Data provided:
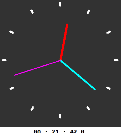 'nomainwin WindowWidth =420 WindowHeight =490 open "Analogue Clock" for graphics_nf_nsb as #wg #wg "trapclose quit" #wg "font Ubuntu_mono bold 18" i =0 gosub [bg] for seconds =0 to 86400 /2 -1 step 1 ' check every 1 second in 12 hr cycle ' 6 degrees per min/sec. 30 degrees per hour 'for seconds =21 *60 +40 to 21 *60 +44 step 1 angleSecs =( 6 *seconds) mod 360 ' second hand position in degrees angleMins =( 6 *seconds /60) mod 360 ' minute hand position in degrees angleHrs =( 12 *seconds /60 /24) mod 360 ' hour hand position in degrees #wg "cls" #wg "drawbmp scr 1 1" #wg "color darkblue ; up ; goto 100 445 ; down" #wg "\" +tme$( seconds) xH =120 *sinrad( angleHrs): yH =120 *cosrad( angleHrs) #wg "size 7 ; up ; goto 200 200 ; down ; color red ; goto "; 200 +xH ; " "; 200 -yH xM =150 *sinrad( angleMins): yM =150 *cosrad( angleMins) #wg "size 5 ; up ; goto 200 200 ; down ; color cyan ; goto "; 200 +xM ; " "; 200 -yM xS =160 *sinrad( angleSecs): yS =160 *cosrad( angleSecs) #wg "size 3 ; up ; goto 200 200 ; down ; color pink ; goto "; 200 +xS ; " "; 200 -yS nearness0 = angleBetween( angleMins, angleHrs ) ' abs( angleMins -angleHrs) nearness180 = angleBetween( angleMins, angleHrs ) -180 ' abs( angleMins -angleHrs) -180 HM120 = angleBetween( angleMins, angleHrs ) ' abs( angleMins -angleHrs) -120 SM120 = angleBetween( angleMins, angleSecs) ' abs( angleMins -angleSecs) -120 HS120 = angleBetween( angleHrs, angleSecs) ' ( abs( angleHrs -angleSecs) -120) mod 360 'print int( angleHrs), int( angleMins), int( angleSecs), int( HM120), int( SM120), int( HS120) 'if ( ( abs( HM120) <40) and ( abs( SM120) <40) and ( abs( HS120 ) <40) ) then if abs( HM120 -120) <3 and abs( SM120 -120) <3 and abs( HS120 -120) <3 then print tab( 50); tme$(seconds); " ( 120 degrees)" #wg "color black ; up ; goto 100 445 ; down" #wg "\" +tme$( seconds) seconds =seconds +360 call screenGrab i: i =i +10 end if if abs( nearness0 ) <0.045 then print tme$( seconds); " ( Parallel)" #wg "color black ; up ; goto 100 445 ; down" #wg "\" +tme$( seconds) seconds =seconds +1 call screenGrab i: i =i +10 end if if abs( nearness180) <0.045 then print tab( 25); tme$(seconds); " ( Anti-parallel)" #wg "color black ; up ; goto 100 445 ; down" #wg "\" +tme$( seconds) seconds =seconds +1 call screenGrab i: i =i +10 end if 'CallDLL #kernel32, "Sleep", 20 As ULong, ret As Void scan next seconds wait function angleBetween( i, j) if i < j then temp =i i =j j =temp end if th1 =i -j th2 =360 -i +j angleBetween =min( th1, th2) end function function tme$( tSec) hrs =int( tSec /60 /60) tSec =tSec -hrs *60 *60 mins =int( tSec /60) secs =tSec -mins *60 tme$ =" "; right$( "00" +str$( hrs), 2); " : "; right$( "00" +str$( mins), 2); " : "; using( "##.#", secs) end function function sinrad( th) sinrad =sin( th *2 *3.14159265 /360) end function function cosrad( th) cosrad =cos( th *2 *3.14159265 /360) end function sub screenGrab i #wg "flush ; getbmp scr2 1 1 400 440" bmpsave "scr2", "clockPics/pic" +right$( "000" +str$( i), 3) +".bmp" end sub sub quit h$ close #wg end end sub [bg] #wg "color white" #wg "size 6 ; fill 50 50 50" for th =0 to 360 step 30 xSi =180 *sinrad( th): ySi =180 *cosrad( th) xSj =190 *sinrad( th): ySj =190 *cosrad( th) #wg "up ; goto "; 200 +xSi; " "; 200 -ySi; " ; down ; goto "; 200 +xSj ; " "; 200 -ySj next th #wg "getbmp scr 1 1 420 420" return
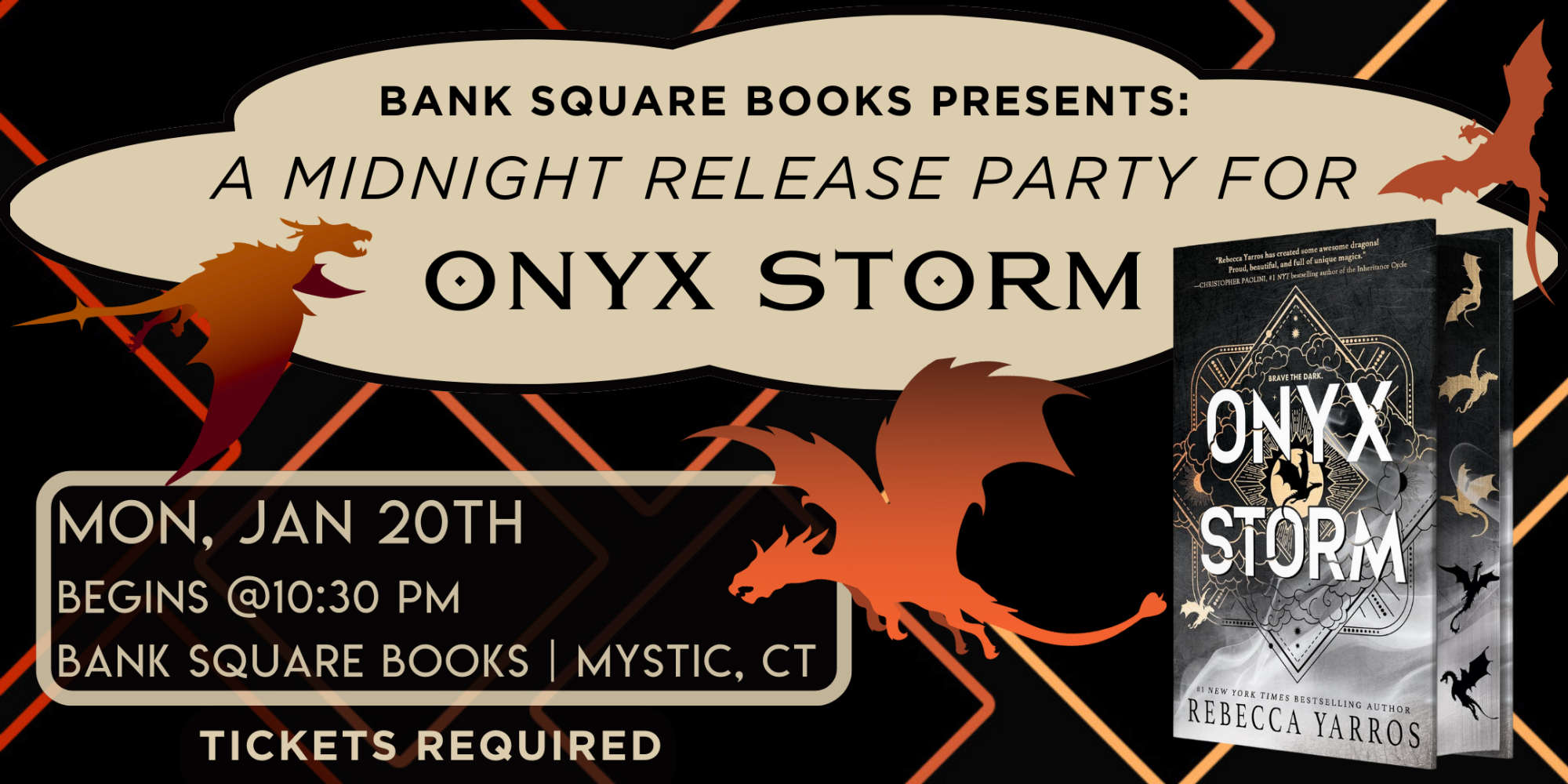 Grab your reader friends and enjoy an evening of FOURTH WING-inspired fun in the hours leading up to the release of the highly anticipated ONYX STORM by #1 NYT bestselling author Rebecca Yarros! There will be games, prizes, and of course copies of ONYX STORM ready for attendees once the clock strikes midnight! There will be a limited number of tickets available for this event. Attending this event gives you exclusive access to the LIMITED FIRST PRINT RUN—featuring spray-painted edges with gorgeously detailed map endpapers. This breathtaking edition is only available for a limited time and while supplies last. Your ticket for this event GUARANTEES a spray-painted edge copy.
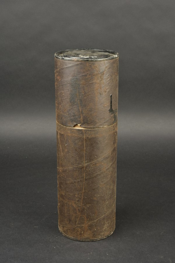 Container à obus US. En épais carton noir. Le couvercle..
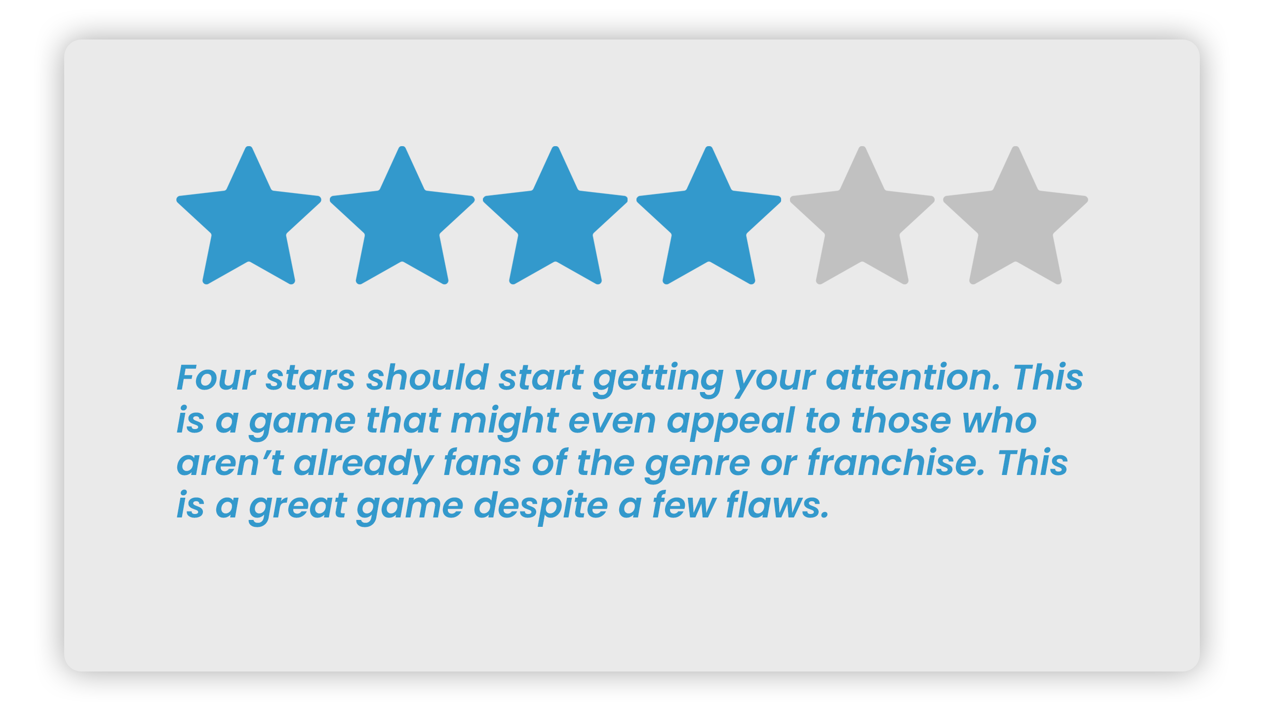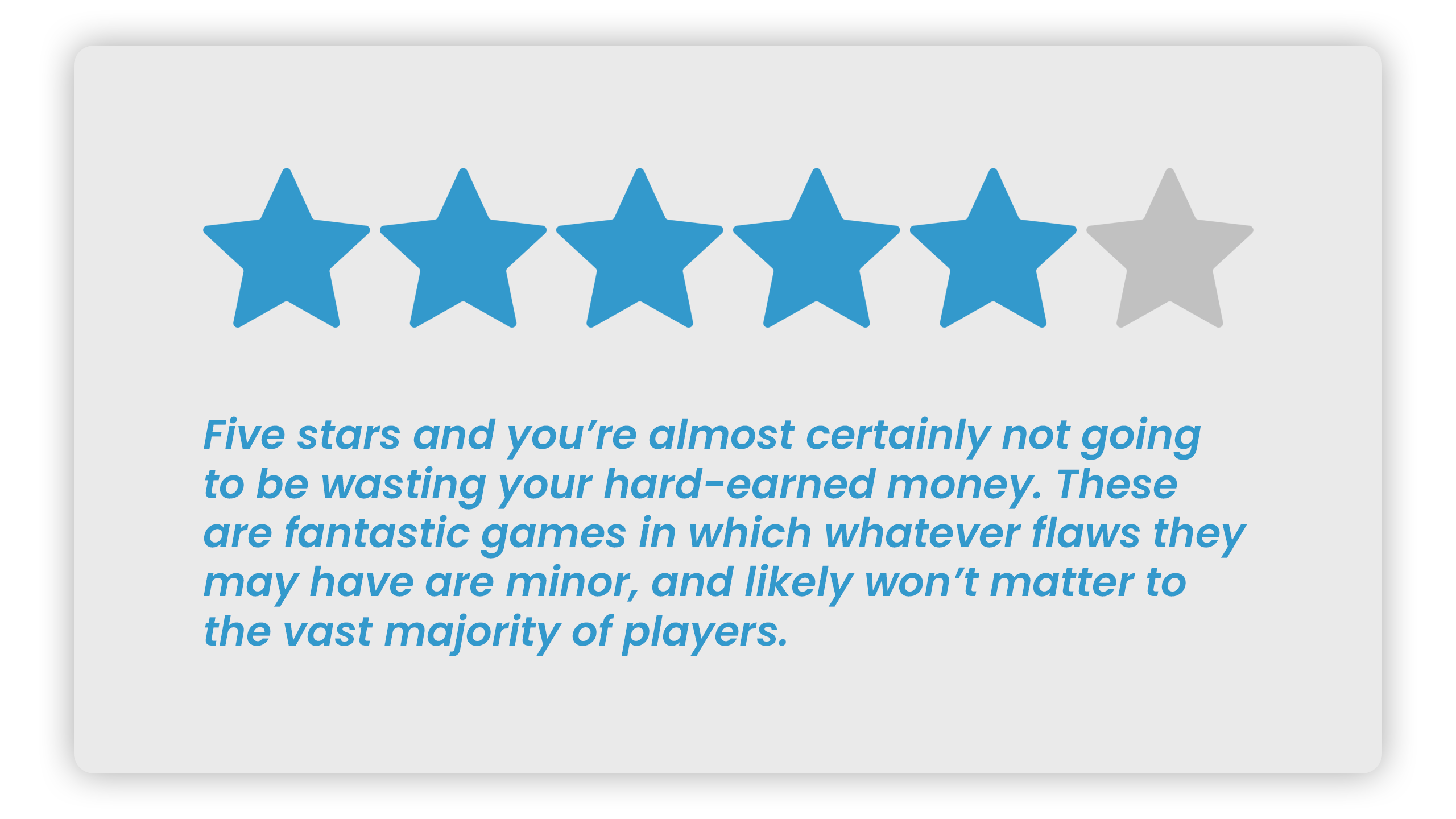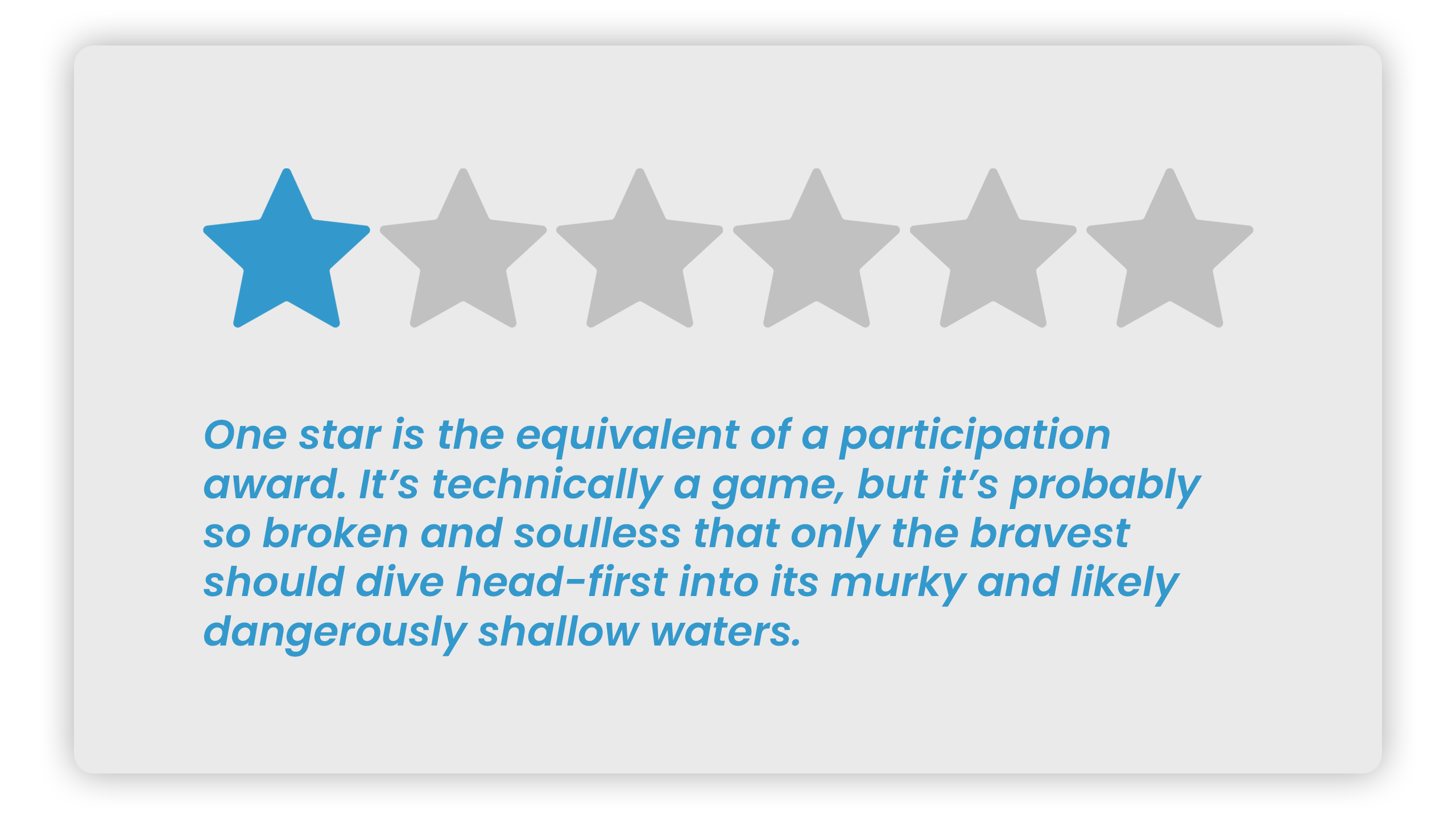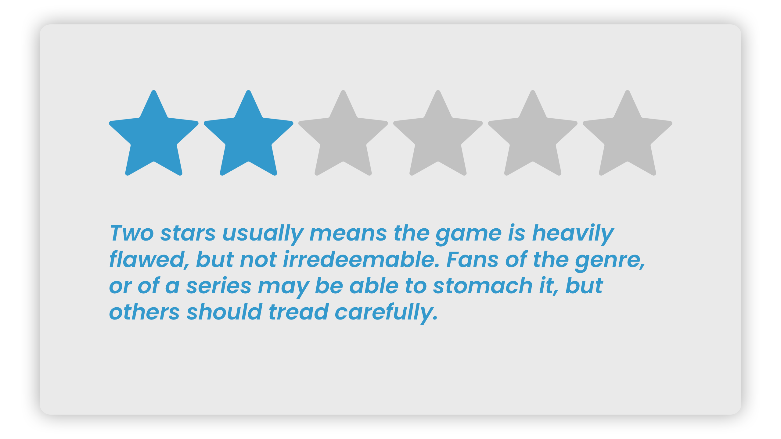 Someone might be naturally turned off by a game that's a 2/5 but if that 2/5 has great character and story writing held back by gameplay in a way they don't mind then that game might still be worth a look to them. The badges help fill the gaps that numbers alone can't cover, and if someone doesn't always have the time to read, watch, or listen to a whole review, it's a great way to get a better idea about the game at a glance. With that being said, it's helpful to know what each star rating and each badge represents - so here's an overview of the whole system:

Exercise description: Could the listing above be printed again in full, with every picture omitted?

Reply:
 'nomainwin WindowWidth =420 WindowHeight =490 open "Analogue Clock" for graphics_nf_nsb as #wg #wg "trapclose quit" #wg "font Ubuntu_mono bold 18" i =0 gosub [bg] for seconds =0 to 86400 /2 -1 step 1 ' check every 1 second in 12 hr cycle ' 6 degrees per min/sec. 30 degrees per hour 'for seconds =21 *60 +40 to 21 *60 +44 step 1 angleSecs =( 6 *seconds) mod 360 ' second hand position in degrees angleMins =( 6 *seconds /60) mod 360 ' minute hand position in degrees angleHrs =( 12 *seconds /60 /24) mod 360 ' hour hand position in degrees #wg "cls" #wg "drawbmp scr 1 1" #wg "color darkblue ; up ; goto 100 445 ; down" #wg "\" +tme$( seconds) xH =120 *sinrad( angleHrs): yH =120 *cosrad( angleHrs) #wg "size 7 ; up ; goto 200 200 ; down ; color red ; goto "; 200 +xH ; " "; 200 -yH xM =150 *sinrad( angleMins): yM =150 *cosrad( angleMins) #wg "size 5 ; up ; goto 200 200 ; down ; color cyan ; goto "; 200 +xM ; " "; 200 -yM xS =160 *sinrad( angleSecs): yS =160 *cosrad( angleSecs) #wg "size 3 ; up ; goto 200 200 ; down ; color pink ; goto "; 200 +xS ; " "; 200 -yS nearness0 = angleBetween( angleMins, angleHrs ) ' abs( angleMins -angleHrs) nearness180 = angleBetween( angleMins, angleHrs ) -180 ' abs( angleMins -angleHrs) -180 HM120 = angleBetween( angleMins, angleHrs ) ' abs( angleMins -angleHrs) -120 SM120 = angleBetween( angleMins, angleSecs) ' abs( angleMins -angleSecs) -120 HS120 = angleBetween( angleHrs, angleSecs) ' ( abs( angleHrs -angleSecs) -120) mod 360 'print int( angleHrs), int( angleMins), int( angleSecs), int( HM120), int( SM120), int( HS120) 'if ( ( abs( HM120) <40) and ( abs( SM120) <40) and ( abs( HS120 ) <40) ) then if abs( HM120 -120) <3 and abs( SM120 -120) <3 and abs( HS120 -120) <3 then print tab( 50); tme$(seconds); " ( 120 degrees)" #wg "color black ; up ; goto 100 445 ; down" #wg "\" +tme$( seconds) seconds =seconds +360 call screenGrab i: i =i +10 end if if abs( nearness0 ) <0.045 then print tme$( seconds); " ( Parallel)" #wg "color black ; up ; goto 100 445 ; down" #wg "\" +tme$( seconds) seconds =seconds +1 call screenGrab i: i =i +10 end if if abs( nearness180) <0.045 then print tab( 25); tme$(seconds); " ( Anti-parallel)" #wg "color black ; up ; goto 100 445 ; down" #wg "\" +tme$( seconds) seconds =seconds +1 call screenGrab i: i =i +10 end if 'CallDLL #kernel32, "Sleep", 20 As ULong, ret As Void scan next seconds wait function angleBetween( i, j) if i < j then temp =i i =j j =temp end if th1 =i -j th2 =360 -i +j angleBetween =min( th1, th2) end function function tme$( tSec) hrs =int( tSec /60 /60) tSec =tSec -hrs *60 *60 mins =int( tSec /60) secs =tSec -mins *60 tme$ =" "; right$( "00" +str$( hrs), 2); " : "; right$( "00" +str$( mins), 2); " : "; using( "##.#", secs) end function function sinrad( th) sinrad =sin( th *2 *3.14159265 /360) end function function cosrad( th) cosrad =cos( th *2 *3.14159265 /360) end function sub screenGrab i #wg "flush ; getbmp scr2 1 1 400 440" bmpsave "scr2", "clockPics/pic" +right$( "000" +str$( i), 3) +".bmp" end sub sub quit h$ close #wg end end sub [bg] #wg "color white" #wg "size 6 ; fill 50 50 50" for th =0 to 360 step 30 xSi =180 *sinrad( th): ySi =180 *cosrad( th) xSj =190 *sinrad( th): ySj =190 *cosrad( th) #wg "up ; goto "; 200 +xSi; " "; 200 -ySi; " ; down ; goto "; 200 +xSj ; " "; 200 -ySj next th #wg "getbmp scr 1 1 420 420" return
 Grab your reader friends and enjoy an evening of FOURTH WING-inspired fun in the hours leading up to the release of the highly anticipated ONYX STORM by #1 NYT bestselling author Rebecca Yarros! There will be games, prizes, and of course copies of ONYX STORM ready for attendees once the clock strikes midnight! There will be a limited number of tickets available for this event. Attending this event gives you exclusive access to the LIMITED FIRST PRINT RUN—featuring spray-painted edges with gorgeously detailed map endpapers. This breathtaking edition is only available for a limited time and while supplies last. Your ticket for this event GUARANTEES a spray-painted edge copy.
 Container à obus US. En épais carton noir. Le couvercle..
 Someone might be naturally turned off by a game that's a 2/5 but if that 2/5 has great character and story writing held back by gameplay in a way they don't mind then that game might still be worth a look to them. The badges help fill the gaps that numbers alone can't cover, and if someone doesn't always have the time to read, watch, or listen to a whole review, it's a great way to get a better idea about the game at a glance. With that being said, it's helpful to know what each star rating and each badge represents - so here's an overview of the whole system:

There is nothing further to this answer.